## PROVIDED MATERIAL
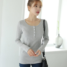 2016新款秋装韩版V领长袖T恤女 通勤修身纯棉螺纹长袖打底t恤衫
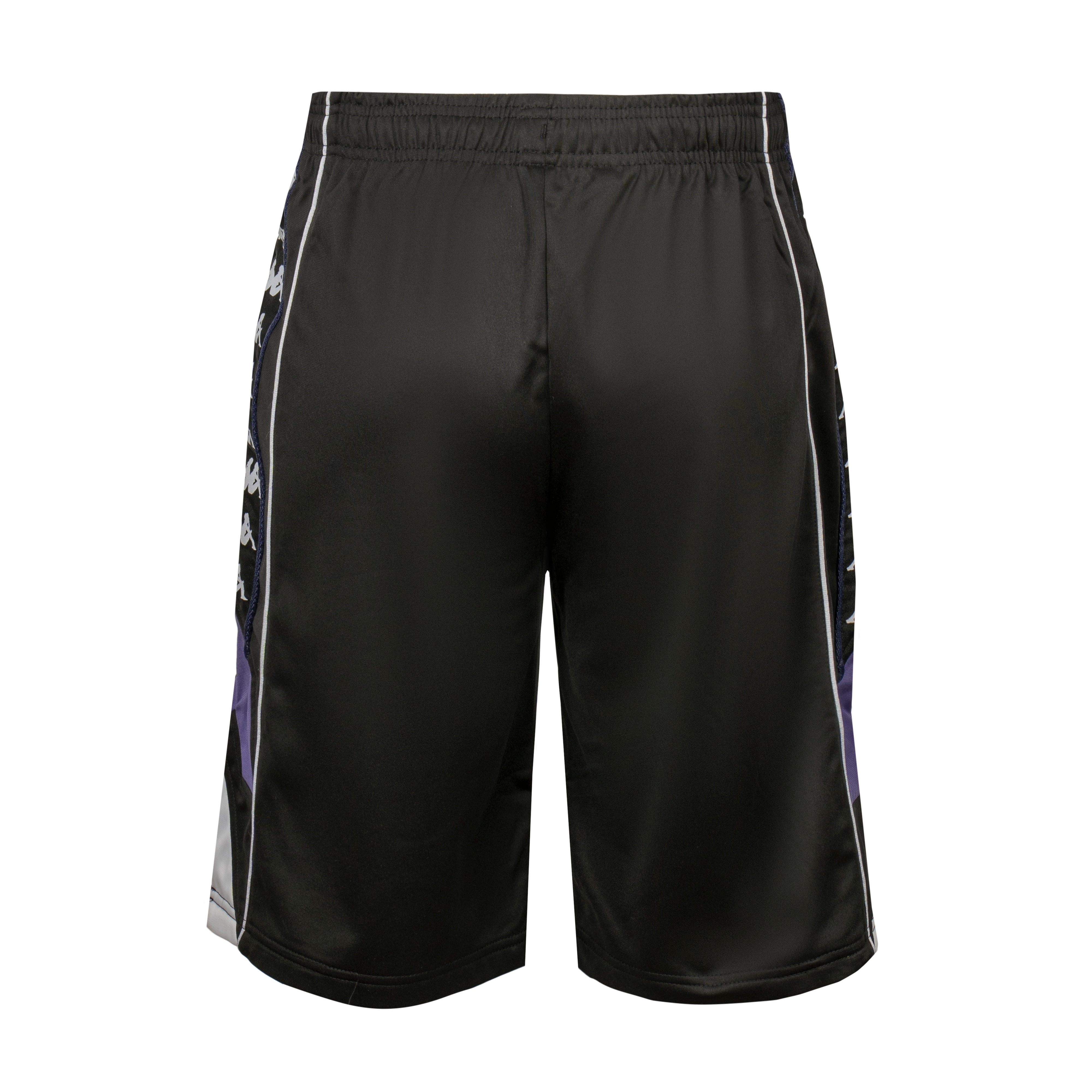 Este short deportivo destaca por su diseño en azul, acompañado de una composición gráfica muy característica en la zona lateral baja: dos bloques diagonales en violeta y blanco que aportan dinamismo y un acabado visual moderno sin recargar la prenda.
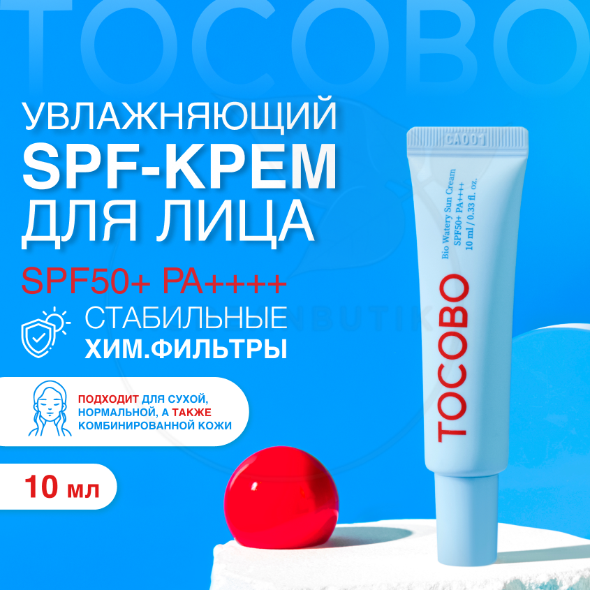 10 цен на Крем солнцезащитный с увлажняющим эффектом | Tocobo Bio Watery Sun Cream SPF50+ PA++++ 10мл

## YOUR TASK
Drop the pictures and set down the data above exactly.

## SOLUTION TO THE EXERCISE
 2016新款秋装韩版V领长袖T恤女 通勤修身纯棉螺纹长袖打底t恤衫
 Este short deportivo destaca por su diseño en azul, acompañado de una composición gráfica muy característica en la zona lateral baja: dos bloques diagonales en violeta y blanco que aportan dinamismo y un acabado visual moderno sin recargar la prenda.
 10 цен на Крем солнцезащитный с увлажняющим эффектом | Tocobo Bio Watery Sun Cream SPF50+ PA++++ 10мл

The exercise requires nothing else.